───── LISTED ENTRIES

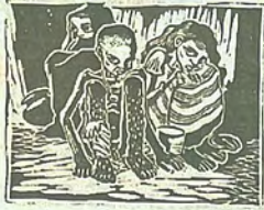
ചിത്രം - ചിത്രപ്രസാദിന്റെ ക്ഷാമകാലചിത്രം

8. താഴെ കൊടുത്തിരിക്കുന്നവയിൽ നിന്നും ഏതെങ്കിലും 3 താളവാദ്യങ്ങളുടെ പേരെഴുതുക. (ചെണ്ട, വയലിൻ, തബല, വീണ, ഇടയ്ക്ക)
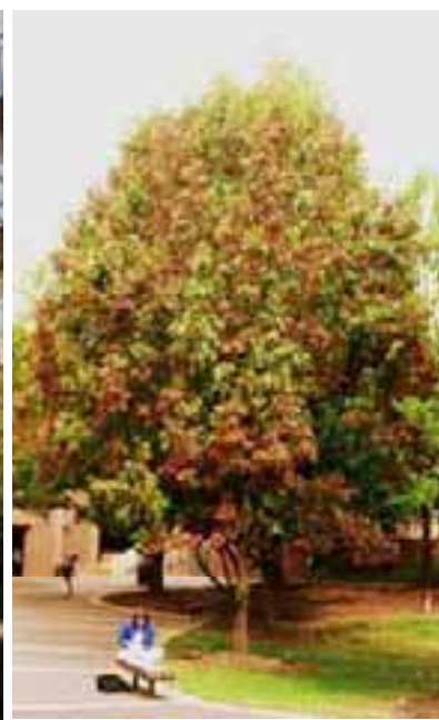
1.5 La quemadura foliar bacteriana causada por Xylella fastidiosa , es una enfermedad sistémica. Quercus velutina , Raleigh, Carolina del Norte, EE.UU.
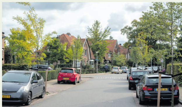
Amersfoort2014 en Beter Amersfoort stelden voor om het budget voor de mobiliteitstransitie te verlagen.

Het college ontraadde dit amendement omdat het budget nodig is om het omgevingsprogramma Mobiliteit uit te voeren. Dit staat los van de kosten voor het parkeerbeleid.
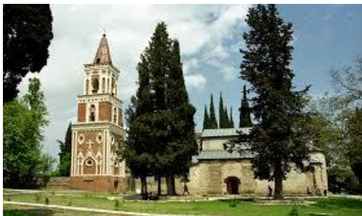
Манастир св.Давид Гареджи

Най-голямата светиня в обителта са мощите на св. равноапостолна Нина, където са се случили много чудеса и знамения. Отпътуване за Кварели.Настаняване в хотел в града.Вечеря.
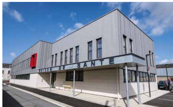
La maison de santé de Montval-sur-Loir. ↑
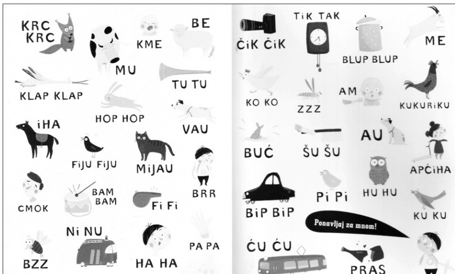
SLIKA 5. Uzvici iz slikovnice Pino uči govoriti

Na zadnjim se dvjema stranicama te slikovnice nalaze svi korišteni uzvici te se tako pruža mogućnost za osmišljavanje raznih igara, npr. roditelji traže od djeteta da nešto pronađe, a onda dijete zadaje roditeljima što da oni traže (slika 6). Djetetu je omogućeno aktivno sudjelovanje u „čitanju“ na takav način, uzvici su tu polifunkcionalni kao i u prethodno navedenim primjerima u dječjem govoru i poeziji.
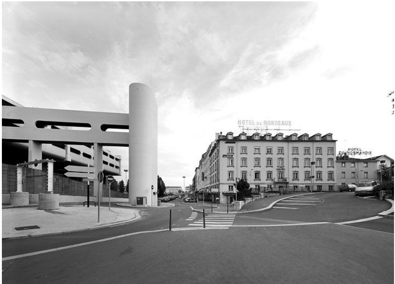
Elévations ouest et nord
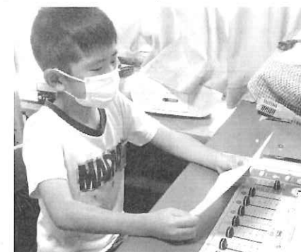
放送で呼びかけ中の原小児童
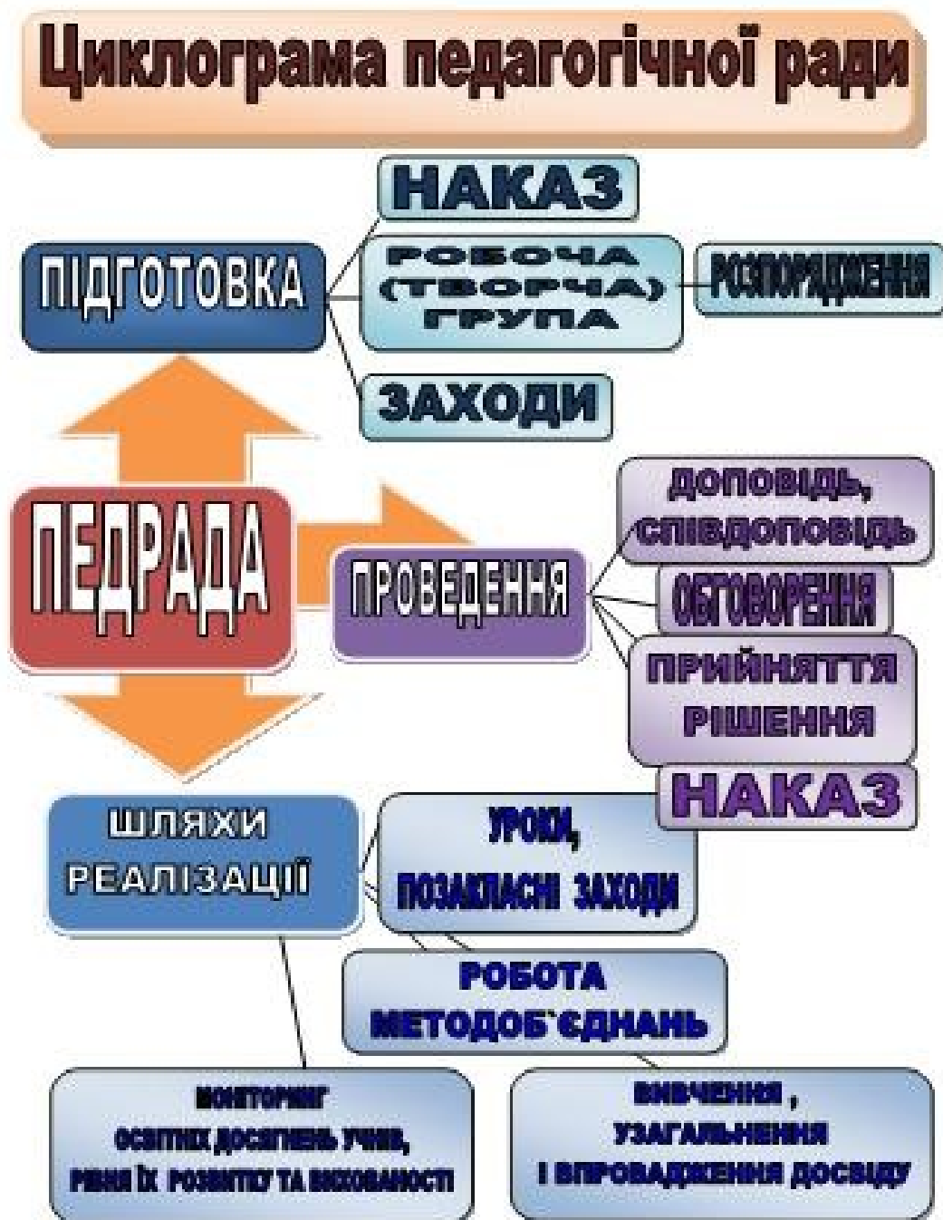
Рис. 3.1. Циклограма педагогічної ради у навчальному закладі

Саме така схема допомагає правильно організувати та спланувати роботу, що сприятиме ефективному проведенню як самого засідання педагогічної ради в навчальному закладі, так і вплине на ефективність виконання рішень.
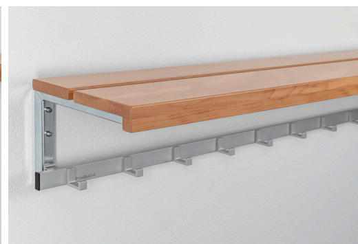
Porte-effets hêtre en deux parties avec rebord frontal Facultatif avec bande de crochet
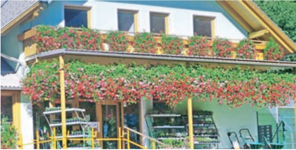
V ponos Jesenicam so med drugim Trgovina Štof ...

V letošnjih poletnih mesecih je potekala šestnajsta akcija z naslovom Najlepša cvetlična zasaditev.
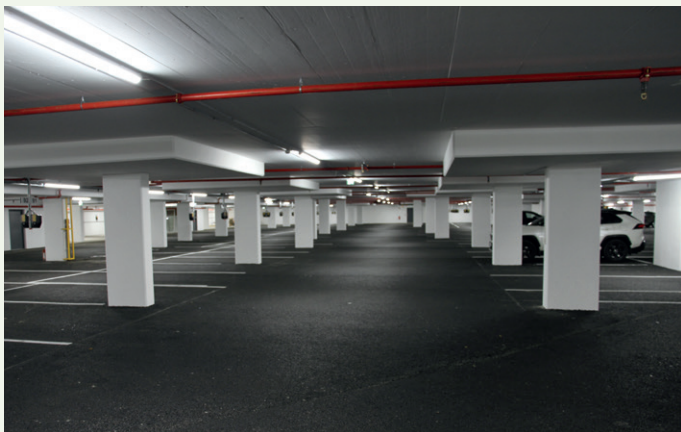
Gartneritaket har et stort parkeringsanlegg med garasje plasser.
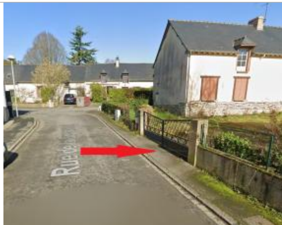
Devant le portail du n°11 rue de la Guyomerais

Coordonnées WGS84 : X: -1.67455460 / Y: 48.03869830
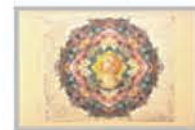
Notations chromatiques. Tête d'homme roux, ou Prométhée
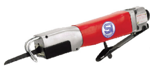
SI-4700 B จิ๊กซอว์ลม Air Saw
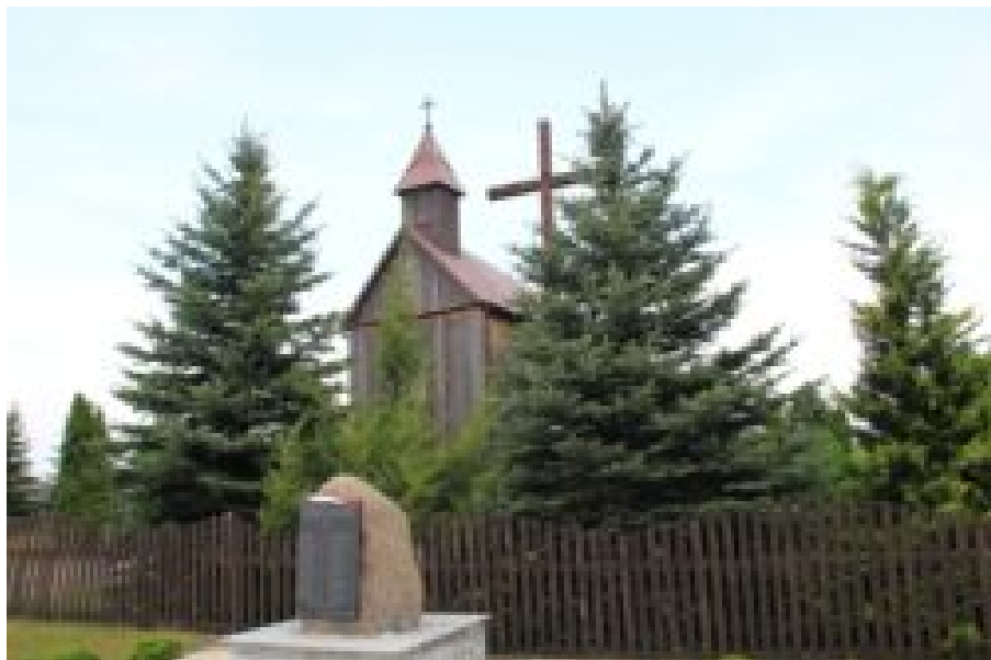
Zakępie-kaplica świętych Apostołów Piotra i Pawła
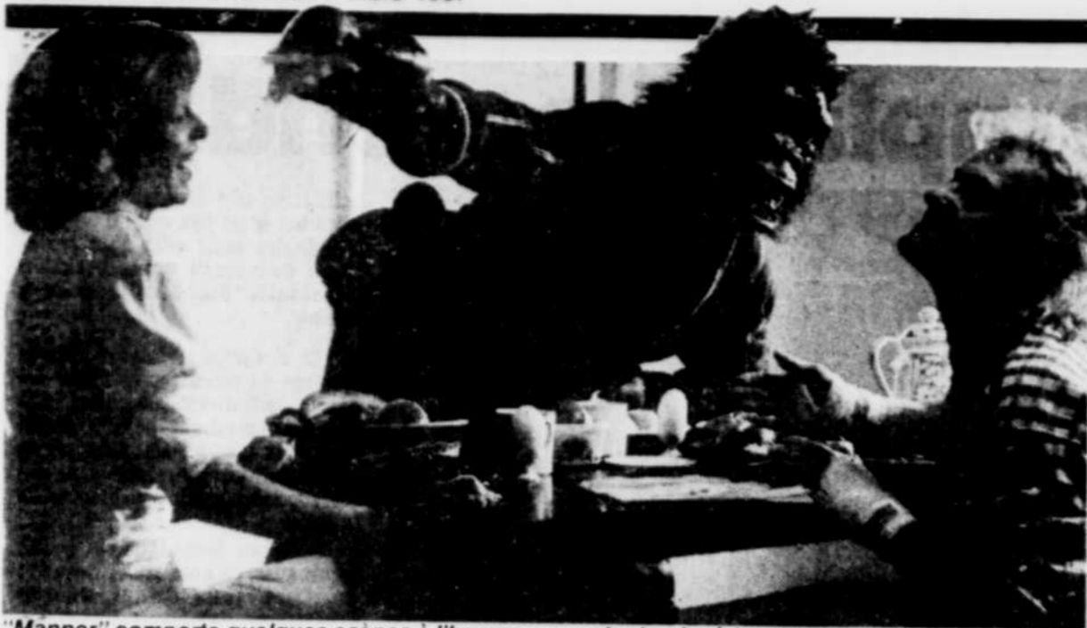
"Manner" comporte quelques scènes à l'humour percutant qui méritent de passer à l'anthologie du cinéma.
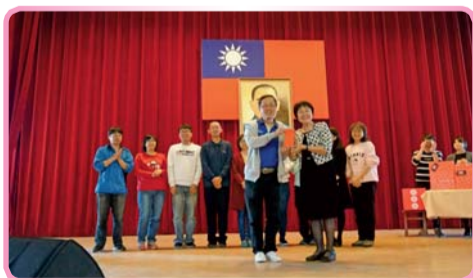
▲ 教務處同仁上台歡唱同樂
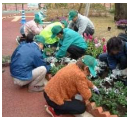
ボランティア活動の様子
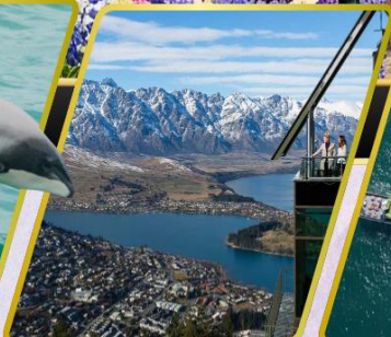
ยอดเขานีออนส์พีค
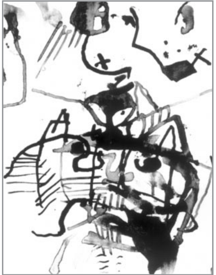
Idyll 2, 1999
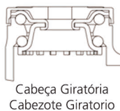
Cabeça Giratória Cabezote Giratorio
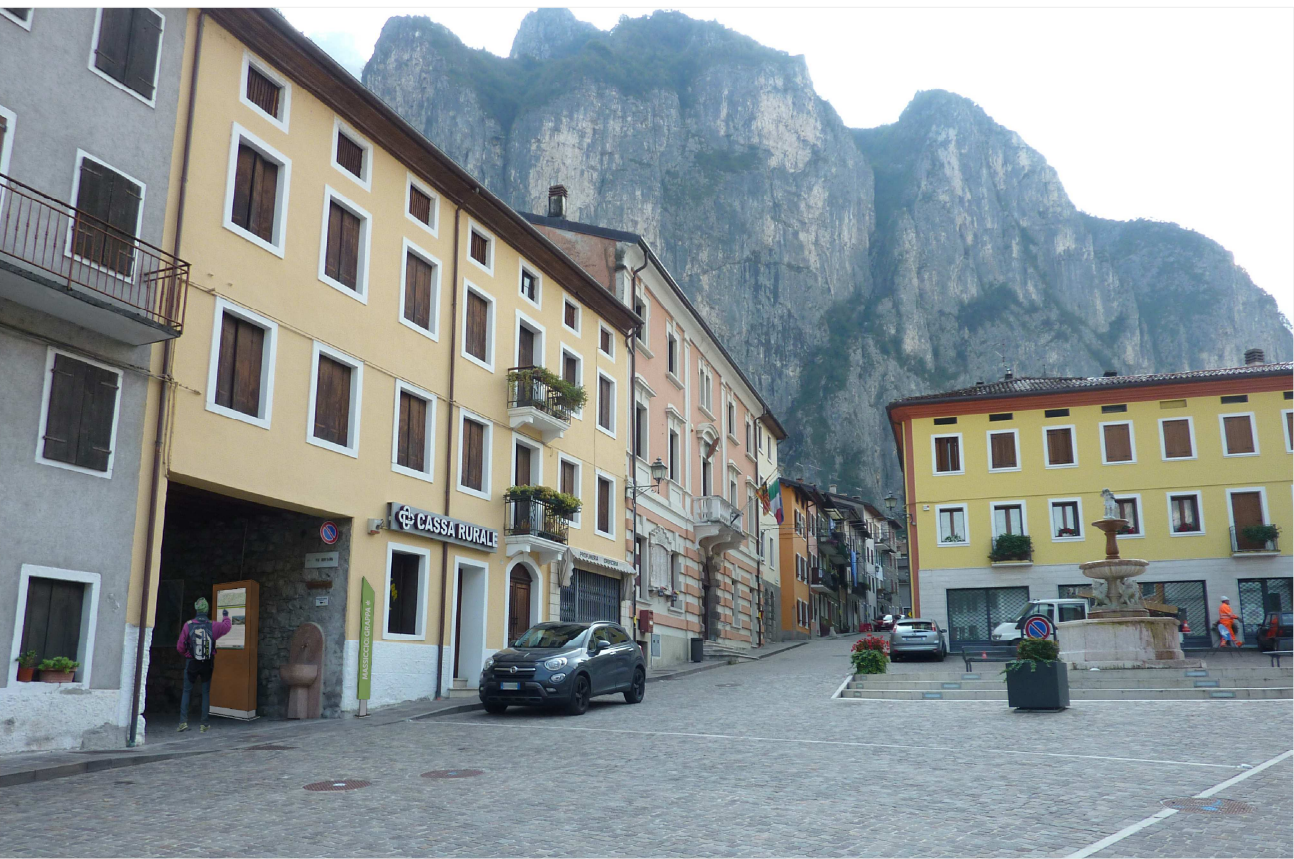
PUNTO 1 e 2: inserimento stele e totem interattivo – PROGETTO

──────────

TASK TO COMPLETE:
List all lines above in which the string "закладі" appears.

SOLUTION FOR THIS EXERCISE:
Рис. 3.1. Циклограма педагогічної ради у навчальному закладі
Саме така схема допомагає правильно організувати та спланувати роботу, що сприятиме ефективному проведенню як самого засідання педагогічної ради в навчальному закладі, так і вплине на ефективність виконання рішень.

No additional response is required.